:: GIVEN DATA

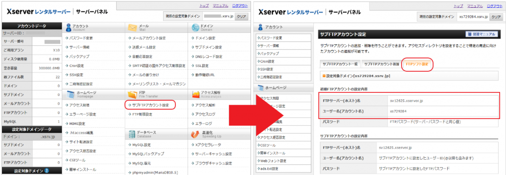 【②ホスト名】、【⑤FTPユーザー】、【⑥FTPパスワード】は、契約時の「サーバーアカウント設定完了のメール」に記載されています。もし設定完了時のメールが見つからない場合は、XServerのサーバーパネルへログインし【FTP欄:サブFTPアカウント設定】→【サブFTPアカウント設定:FTPソフト設定】から「FTPホスト名」と「FTPユーザー名」の確認とサーバーパスワードの再設定を行いましょう。
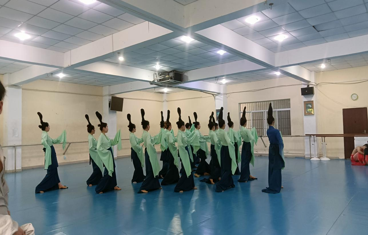 经过几个小时的排练,同学们早已汗流浃背,但舞姿依旧柔美中不失力量,轻盈中仍带铿锵。她们努力把自己最好的一面展现出来,坚持到最后的时刻。
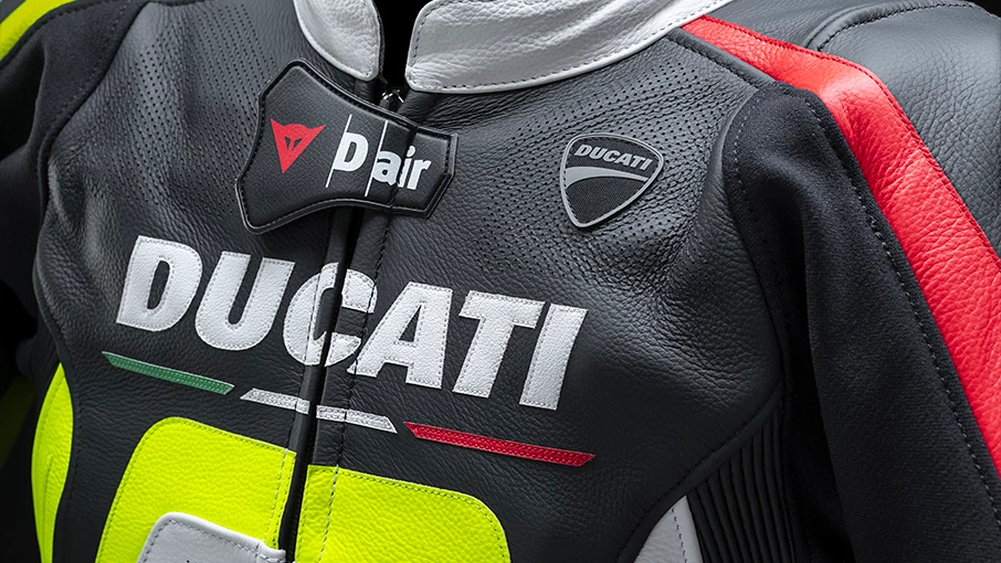 El mono Ducati Streetfighter V4 Lamborghini está equipado con bolsa de aire integradao y, por lo tanto, está destinado exclusivamente al uso en pista. En caso de impacto o deslizamiento, se activa para proteger los hombros, el cuello, la clavícula y el pecho. Está disponible en tallas estándar y personalizadas, que pueden obtenerse en un concesionario autorizado Ducati.
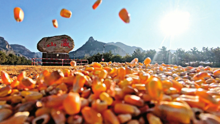 从空中俯瞰,景区标志性的刻有“藏山”字样的巨石,被连片的玉米“花海”环绕,绵延千米的道路上,玉米粒被村民们精心铺成整齐的波纹状,宛如一条流淌的金色长河。“今年景区把这么宽的路让给我们晾晒粮食,真的解决了我们一大难题!”正在翻晒玉米的村民李师傅说道。
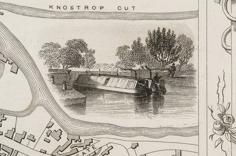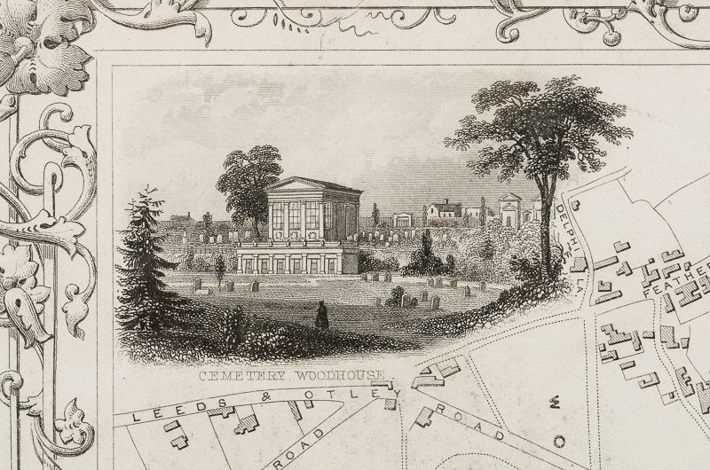 Handsome town-plan of Leeds, West Yorkshire in Northern England,. The River Aire can be seen running through the city. Canals railways, street and district areas of the city are also included. Decorative scrolling and title cartouche around the edges of the map. One of the few double page plans published by Tallis.
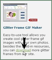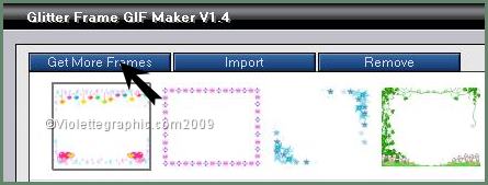Nous nous occupons de l'animation ***** 9 - Ouvrir votre programme Glitter à Frame Gif Maker Il contient quelques cadres mais nous avons besoin d'aller chercher notre cadre clic sur Get More Frame:
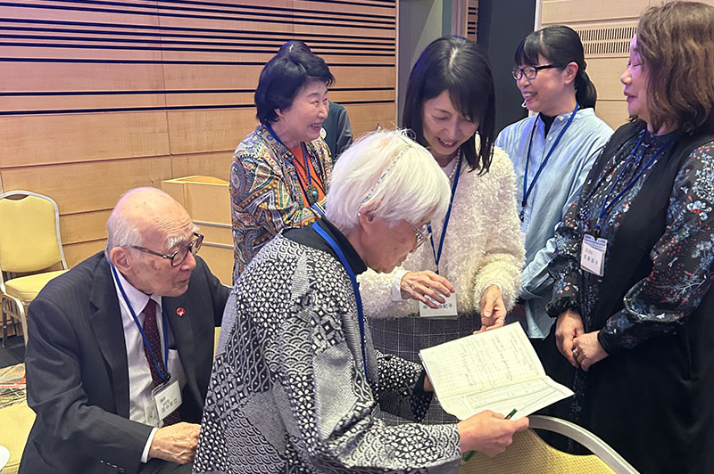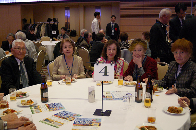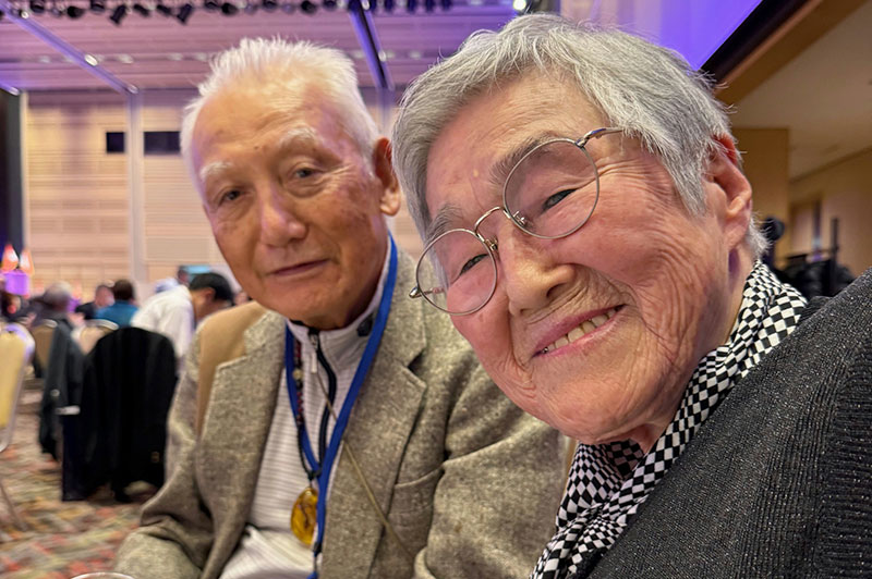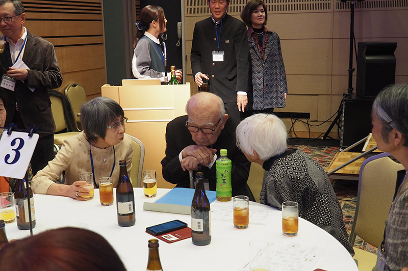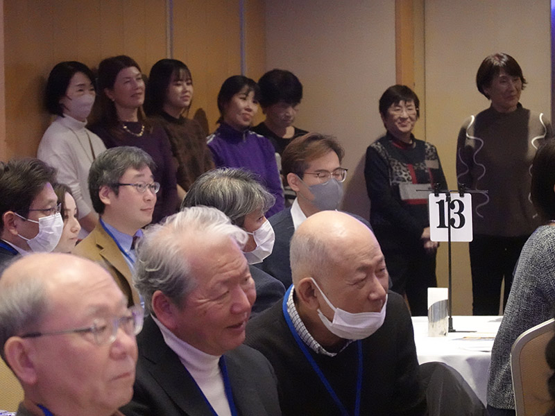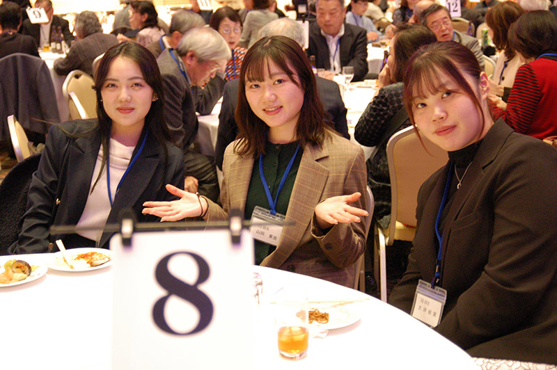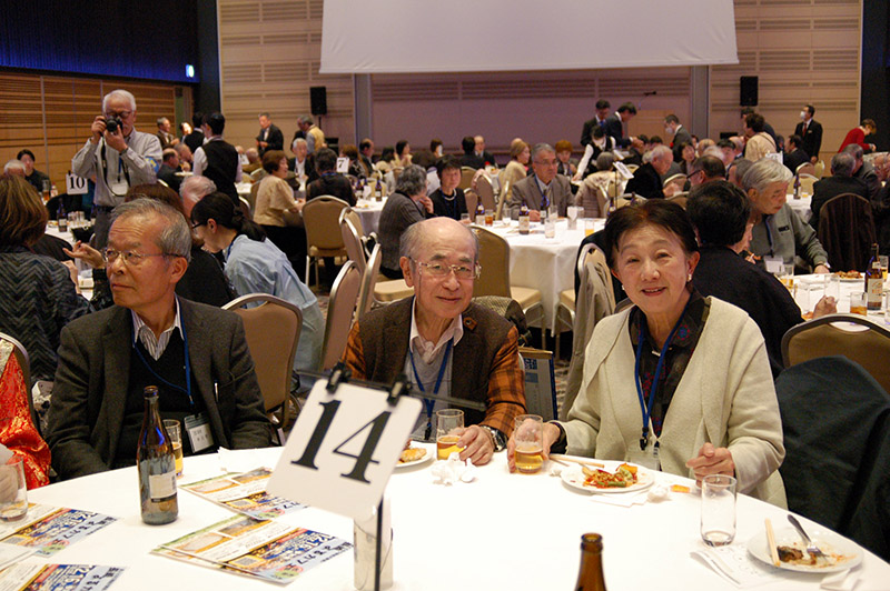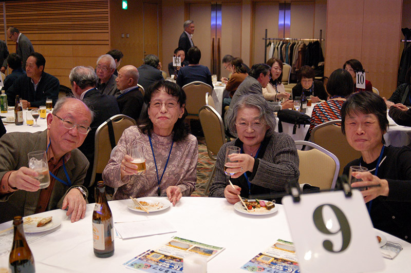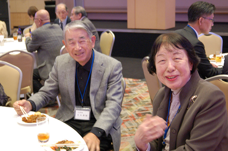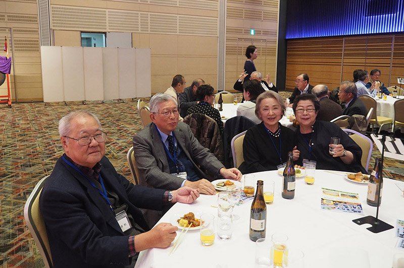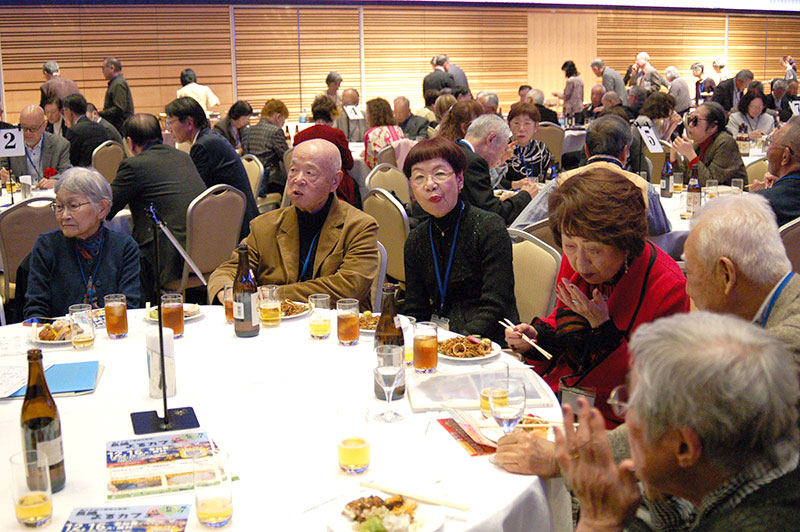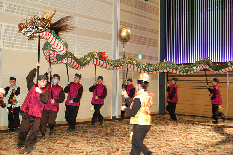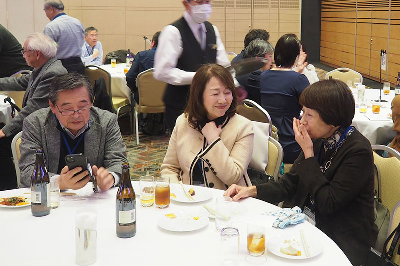 今回の目玉企画は、今年で2回目となる講演会です。2024年にノーベル平和賞を受賞された日本被団協 代表委員の田中煕巳さん(3回生)にご登場いただきました。会場のみなさんは、どんなお話をしてくださるのかと興味津々で田中さんの講演を熱心に聞きいっていました。講演会の後は、いつものように和やかで賑やかな歓談、そして、東風アンサンブルのコーラスや東龍倶楽部の龍踊りで盛大な総会となりました。今年も、長崎名産のご寄付、乾杯用東高校章入り特注グラスの提供を頂きました。厚く御礼を申し上げます。
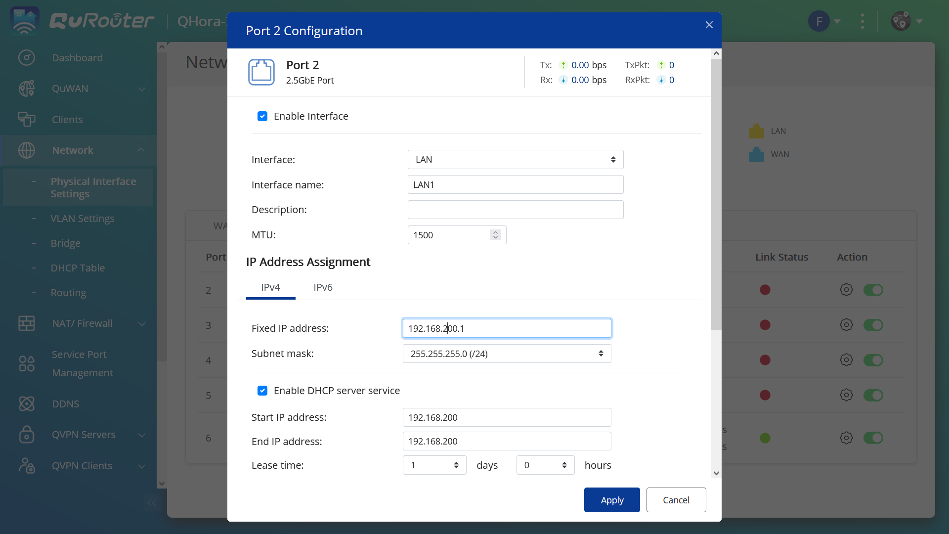 Uwaga: W trybie domyślnym pierwszy port od lewej to port WAN, a każdy port sieciowy jest niezależny. Aby ustawić porty w tym samym segmencie sieci, należy skonfigurować je za pomocą systemu operacyjnego QuRouter.

::::

YOUR GOAL:
Every line from the one that contains "Nous nous occupons" through the end of the records above is to be reproduced exactly; no picture goes in the copy.

REPLY:
Nous nous occupons de l'animation ***** 9 - Ouvrir votre programme Glitter à Frame Gif Maker Il contient quelques cadres mais nous avons besoin d'aller chercher notre cadre clic sur Get More Frame:
 今回の目玉企画は、今年で2回目となる講演会です。2024年にノーベル平和賞を受賞された日本被団協 代表委員の田中煕巳さん(3回生)にご登場いただきました。会場のみなさんは、どんなお話をしてくださるのかと興味津々で田中さんの講演を熱心に聞きいっていました。講演会の後は、いつものように和やかで賑やかな歓談、そして、東風アンサンブルのコーラスや東龍倶楽部の龍踊りで盛大な総会となりました。今年も、長崎名産のご寄付、乾杯用東高校章入り特注グラスの提供を頂きました。厚く御礼を申し上げます。
 Uwaga: W trybie domyślnym pierwszy port od lewej to port WAN, a każdy port sieciowy jest niezależny. Aby ustawić porty w tym samym segmencie sieci, należy skonfigurować je za pomocą systemu operacyjnego QuRouter.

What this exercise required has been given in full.